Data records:
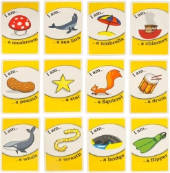 Le carte con semplici scritte in inglese favoriscono l’ampliamento del vocabolario e la comprensione. I bambini imparano in modo naturale mentre indovinano e fanno le domande giuste.
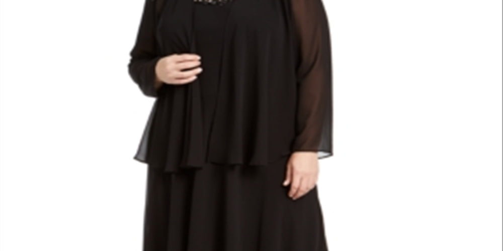 SLNY Women's 2 Pc Jacket Two Piece Dress Black Size 16W
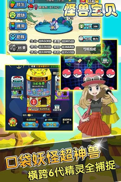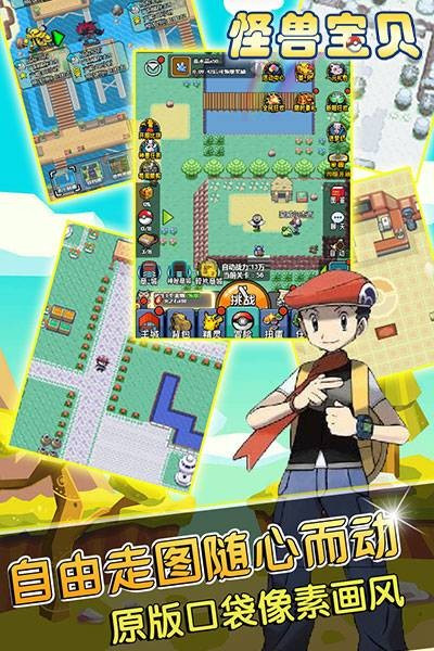 《怪兽宝贝》是由经典动漫改编的一款掌机策略手游。游戏高度还原了经典的掌机玩法,且新增了自动寻路、离线收益的挂机元还采用当前主流的深度养成玩法,让玩家打造自己的DIY精灵军团。游戏收集超过300多种精灵,且能实现进化,再进化,超进化,真实还原动漫感受,同时还收录了部分出现的超级神兽,真实还原掌机体验。竞技、地底、核心副本玩法层层深入,任务、活动、PK、BOSS,好友、和公会等交互性玩法引人入胜。在游戏中,精灵进化、精灵技能、努力值、属性克制等多维属性让你的精灵脱颖而出,皮卡丘、超梦、喷火龙等经典再现,数百款精灵完美还原。二十年经典巨制,《怪兽宝贝》等你来体验。口号:掌机情怀,从口袋开始!
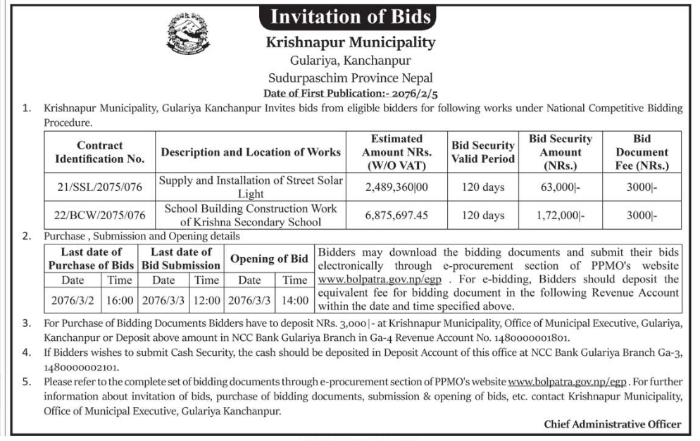 » सडक सौर्य बत्ति जडान र बिद्यालय भवन निर्माण सम्बन्धि बोलपत्र आह्वानको सूचना
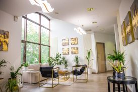 Большая лаунж-зона с панорамным видом города прекрасно подходит для комфортной индивидуальной работы и вечернего нетворкинга. Уникальные переговорные комнаты.
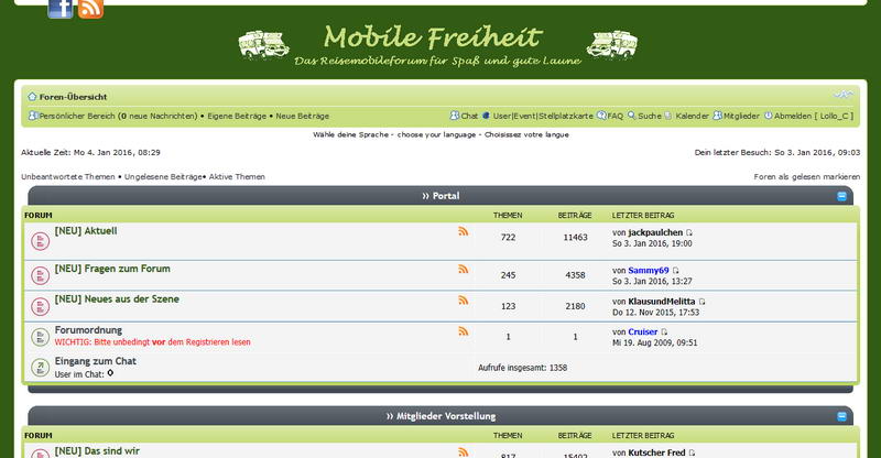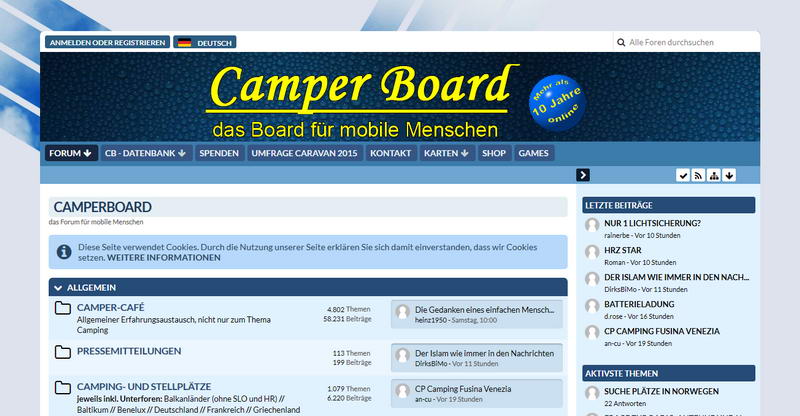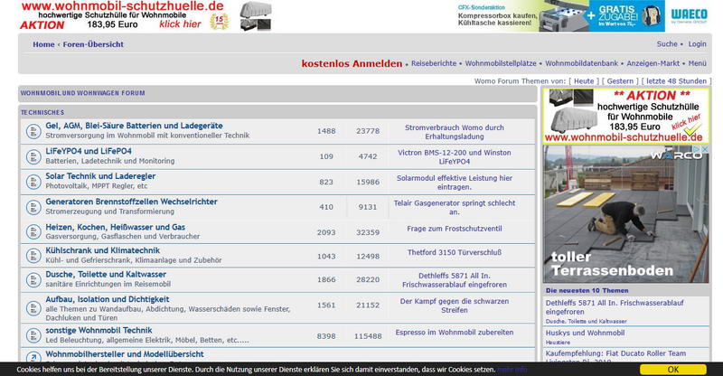 Auflistung verschiedenster Internet-Foren zum Thema Wohnmobil und Reisen.
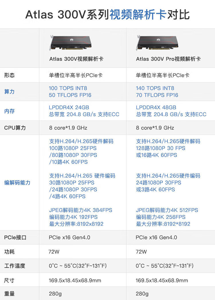 Huawei Ascend Atlas300I 300V PRO 24G 48G 96GAI 추론 카드 가속 카드 Deep에 적합
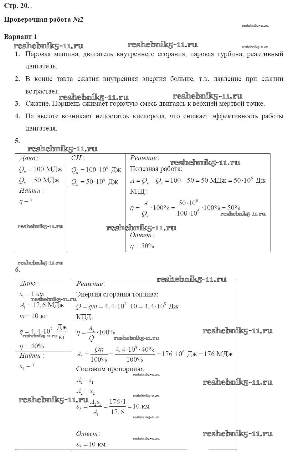 Готовая домашняя работа с ответами по Физике за 8 класс Жумаев Тетрадь-экзаменатор Сферы Просвещение 2012 ФГОС - Страницы 20
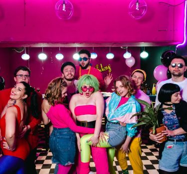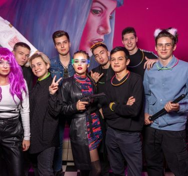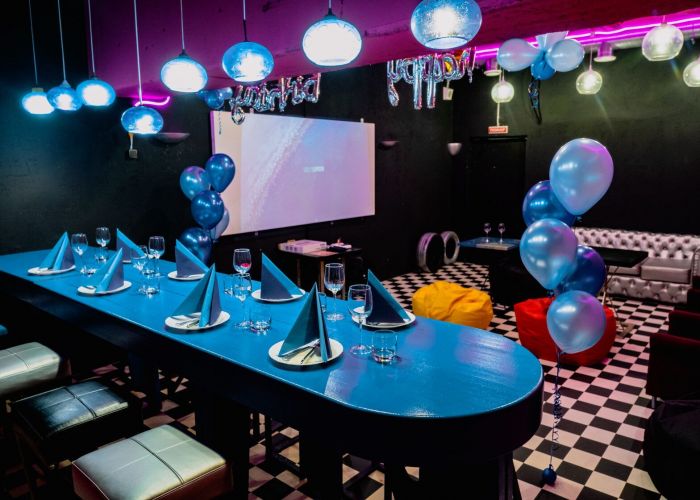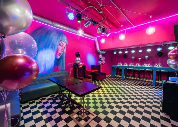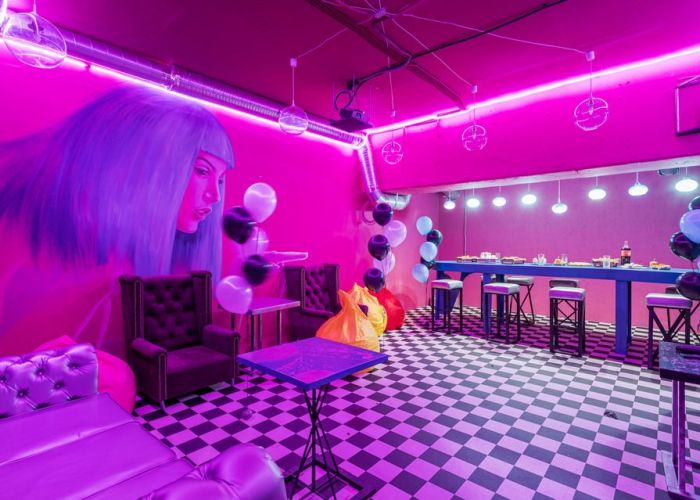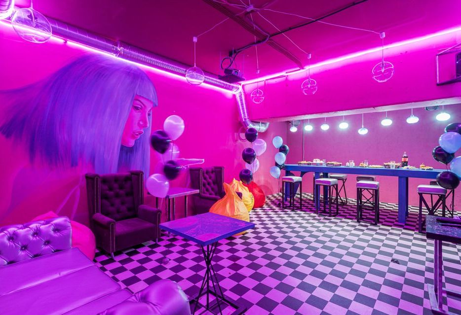 Футуристичное пространство в неоновых оттенках и шахматным полом. Основной акцент на большой барной и лаунж зонах в стиле киберпанк, а эффектности добавляют арт из фильма «Бегущий по лезвию» и манекены хромированных оттенков.
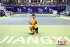 7月30日,奪得冠軍的中國(guó)金花彭帥站在寫有“JIANGXI”的字母前留影。當(dāng)天,2017江西網(wǎng)球公開賽決賽在南昌打響,中國(guó)女網(wǎng)名將彭帥以6比3、6比2橫掃日本選手日比野菜緒,奪得賽事冠軍,同時(shí)這也是她第二次在南昌登頂。 中新社記者 劉占昆 攝 -
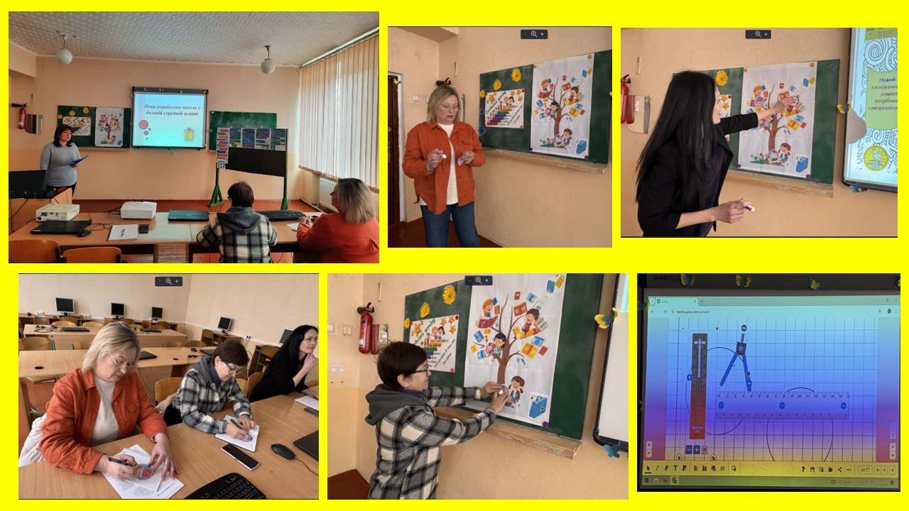 На засіданні професійної спільноти вчителів природничо-математичного циклу вчителі розглянули реалізацію принципів та ідей НУШ у базовій середній освіті, презентували потенціал інтерактивної дошки Gynzy для сучасного навчання, обмінялись інструментами та методами для оцінювання груп результатів у НУШ, обговорили вибір підручників з природничо-математичних дисциплін для 8 класу НУШ.
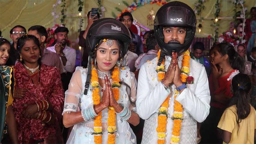 रविवार की रात करियाटोला में सगाई समारोह में युवक-युवती ने एक-दूसरे को अंगूठी पहनाने के साथ हेलमेट भी पहनाया। सगाई समारोह में यह द्श्य देख कुछ देर के लिए घराती-बाराती भी चौंक गए। लेकिन युवक-युवती ने एक-दूसरे को हेलमेट पहनाकर लोगों को वाहन चलाने के दौरान हेलमेट अनिवार्य का संदेश दिया।
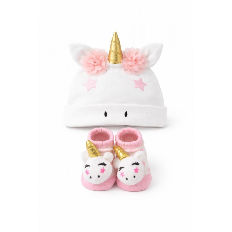 • Adorable baby hat and socks set with a cute animal/unicorn design
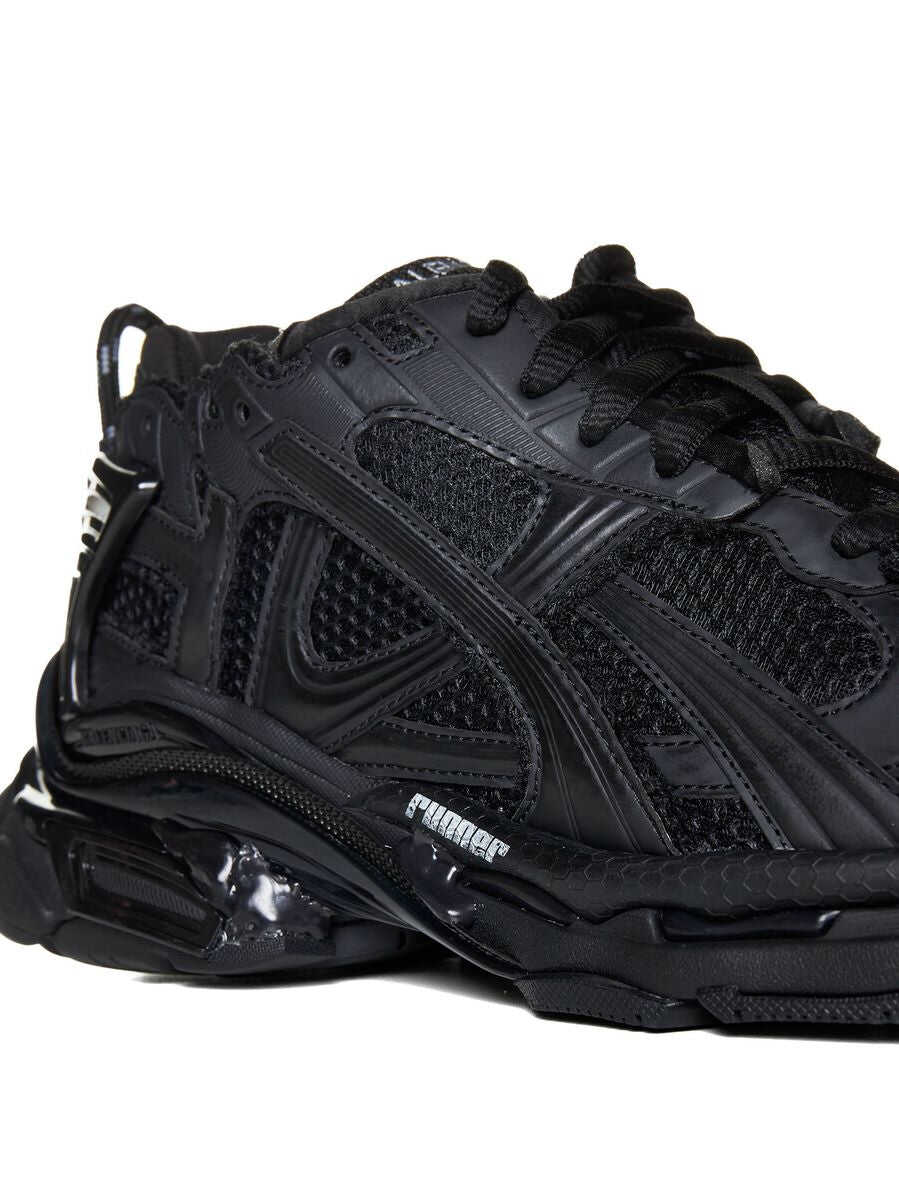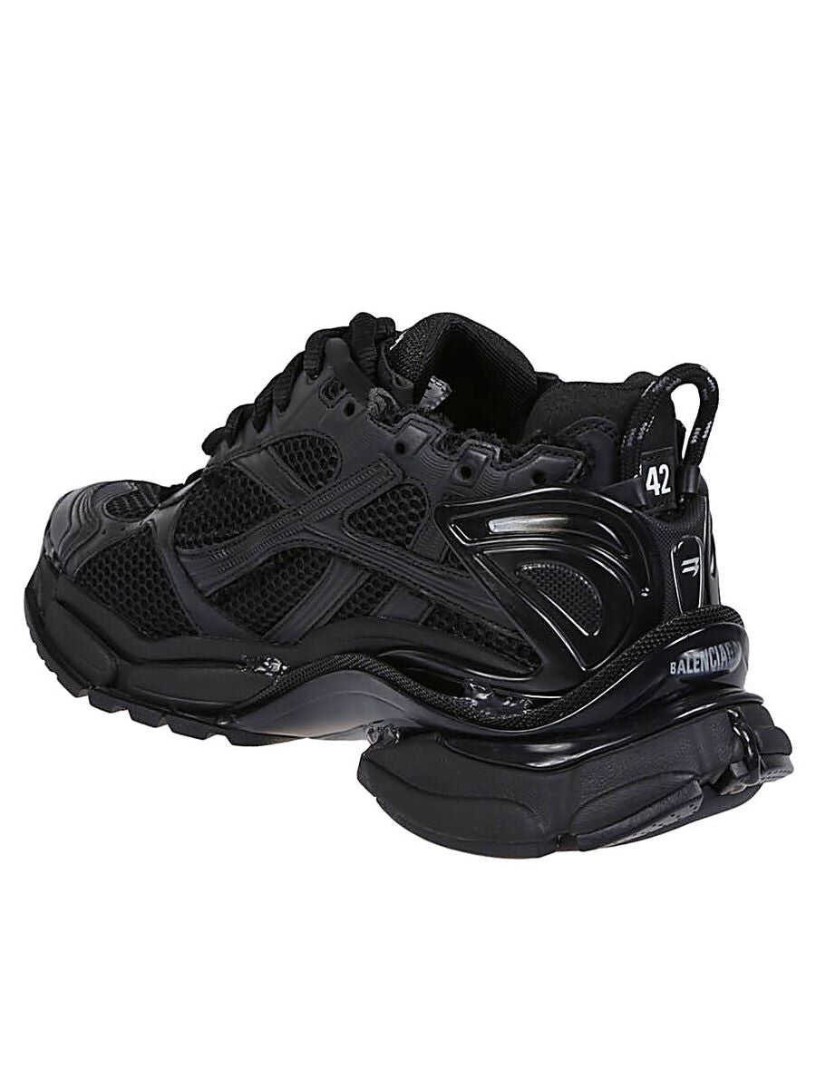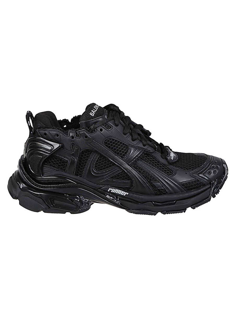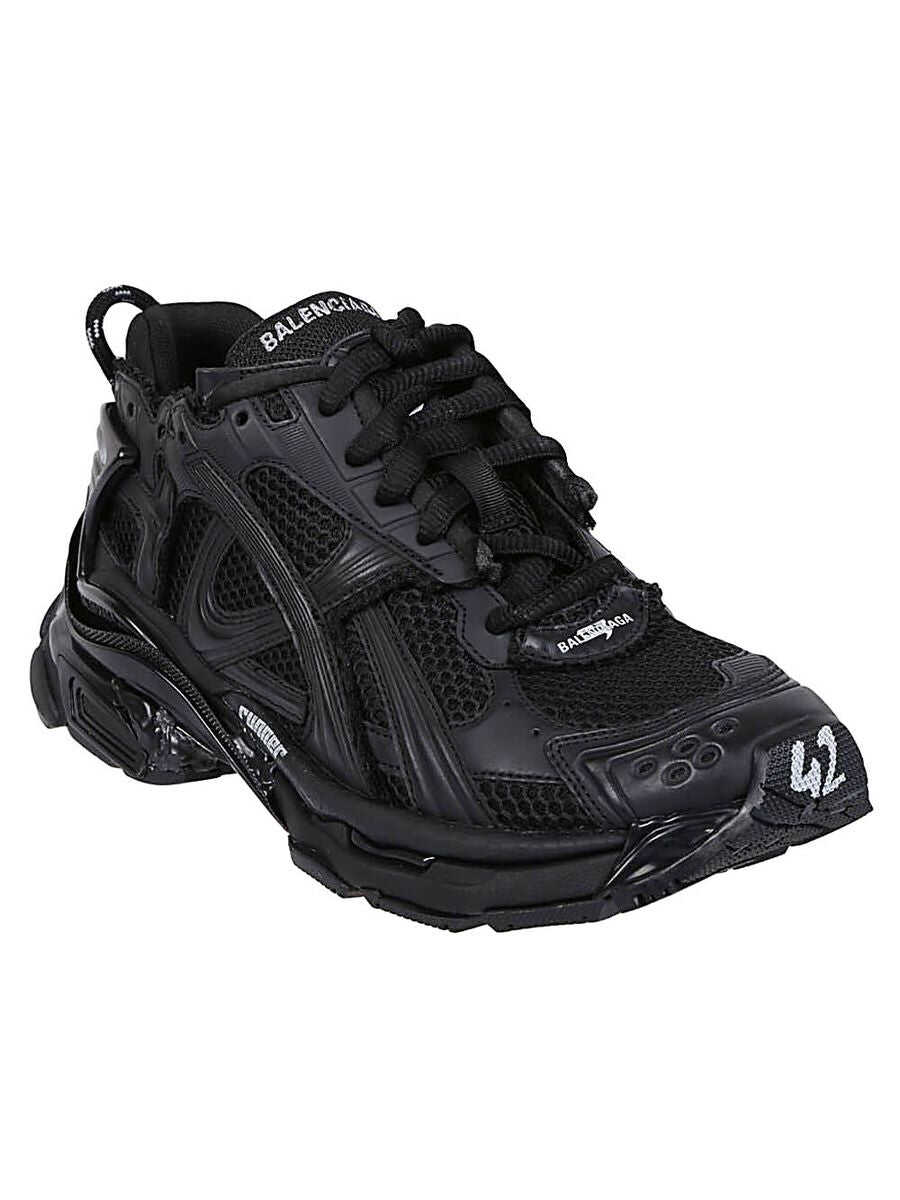 Black sneaker, with a consumed effect, imprinted size posteriorly, cut printed on the edge on the tip, externally printed runner logo, Balenciaga logo on the tongue and on the back. Heel 2,2 in / 5,5 cm

TASK ITEM: Could you please write out exactly the lines from the start of the entries above through the line that holds "SLNY Women's 2", both included, with no pictures?

ANSWER BOX:
 Le carte con semplici scritte in inglese favoriscono l’ampliamento del vocabolario e la comprensione. I bambini imparano in modo naturale mentre indovinano e fanno le domande giuste.
 SLNY Women's 2 Pc Jacket Two Piece Dress Black Size 16W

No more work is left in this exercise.